What struck me was the reason that McClellan gave for Bush's desire to go to war, which led to this "intentional ignoring" of evidence in the first place:
In Iraq, McClellan added, Bush saw "his opportunity to create a legacy of greatness," something McClellan said Bush has said he believes is only available to wartime presidents.Of course, this isn't really news either:
"He was thinking about invading Iraq in 1999," said author and journalist Mickey Herskowitz. "It was on his mind. He said to me: 'One of the keys to being seen as a great leader is to be seen as a commander-in-chief.' And he said, 'My father had all this political capital built up when he drove the Iraqis out of Kuwait and he wasted it.' He said, 'If I have a chance to invade·.if I had that much capital, I'm not going to waste it.
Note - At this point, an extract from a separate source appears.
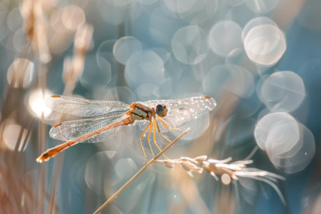 Dragonfly on a branch plant in a sunbeam. Sunset
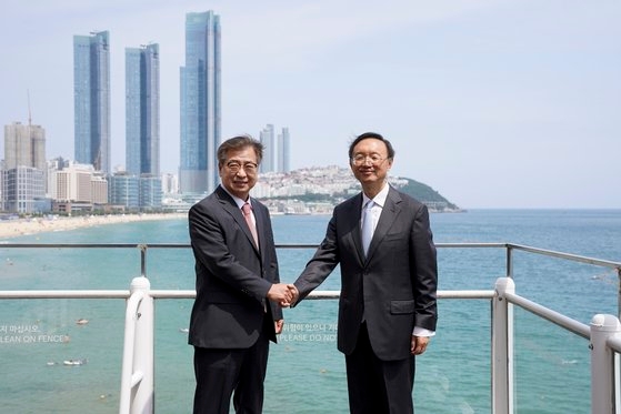 徐薫青瓦台国家安保室長(左)が22日、釜山ウェスティン朝鮮ホテルで楊潔チ中国共産党政治局員と会談を終えた後、海雲台(ヘウンデ)海水浴場を背景に記念撮影を行っている。[写真 青瓦台写真記者団]

I'm going to get everything passed that I want to get passed and I'm going to have a successful presidency."But McClellan's admission is further confirmation of this.
It's worth pausing to reflect on what this really means. Bush went to war -- in part, let us say for the sake of argument -- to be "seen as a great leader... as a commander-in-chief", to "have a successful presidency", "to create a legacy of greatness".
It is almost impossible to overstate the evil of this.
People died -- hundreds of thousands, most likely more than a million Iraqis; more than 4000 Americans -- for Bush to be seen as a leader. To have a legacy. (And how many more Iraqis have been made refugees, been wounded, had their lives otherwise destroyed? How many more American soldiers have been injured beyond recovery?)
They died for his gain. For his image. For his "greatness".
He took actions, knowing that many people would die -- for that. For gain: for glory. (Even if he didn't know how many... an assault that kills people, with malice aforethought, is charged with murder for each person killed, even if the assailant didn't intend to kill quite so many as all that.)
This is the morality of Raskolnikov -- murder as greatness. Death as greatness. It's the morality of a stock villain: to kill the innocent for power or greatness or glory. Except Bush has gained a far larger legacy than most of those who set out to do so by means of other's deaths.
I'll say it again: for Bush's "greatness" -- hundreds of thousands, probably millions, have died.
If murder is the greatest evil, aggressive war is its most powerful form: the death of others for profit or pleasure or greed or ambition. This is what Bush has done. What so many others eagerly helped him do.
Of course Bush should be impeached -- for this, among so many other things. But really, impeachment wouldn't even be a beginning of a reckoning for his crimes -- something that, for those who don't believe in a literal hell, is probably impossible in this universe. But to put him on trial for the most colossal form of murder there is -- aggressive war, a "crime against peace" -- is all that we can do, here, on Earth. It is what must be done, for the least scrap of justice to be achieved.
In my original conception of this post, I was planning on including some of the images of the Iraqi dead -- murdered children, people blown in half, row upon row upon row of flag-shrouded coffins. For that is what Bush has done -- that is his legacy. But the truth is, I'm weak. I don't have the stomach for it.
But Bush should look at them: should be forced to look at them, in the course of his trial for "crimes against peace". And as a just sentence, perhaps he should be forced to look at nothing else for the rest of his natural life. Just bodies blown to bits in pursuit of his "legacy of greatness".
And he's not the only one, by a long shot.
The murder of more than a million: that is Bush's "legacy of greatness". The least we can do is make sure he reaps the full consequences of that legacy, as much as human action allows.
(Update: After a letter from a thoughtful reader, I changed a metaphor.)
1 comment:
Eloquently put.
This ought to be an Op Ed in a major newspaper.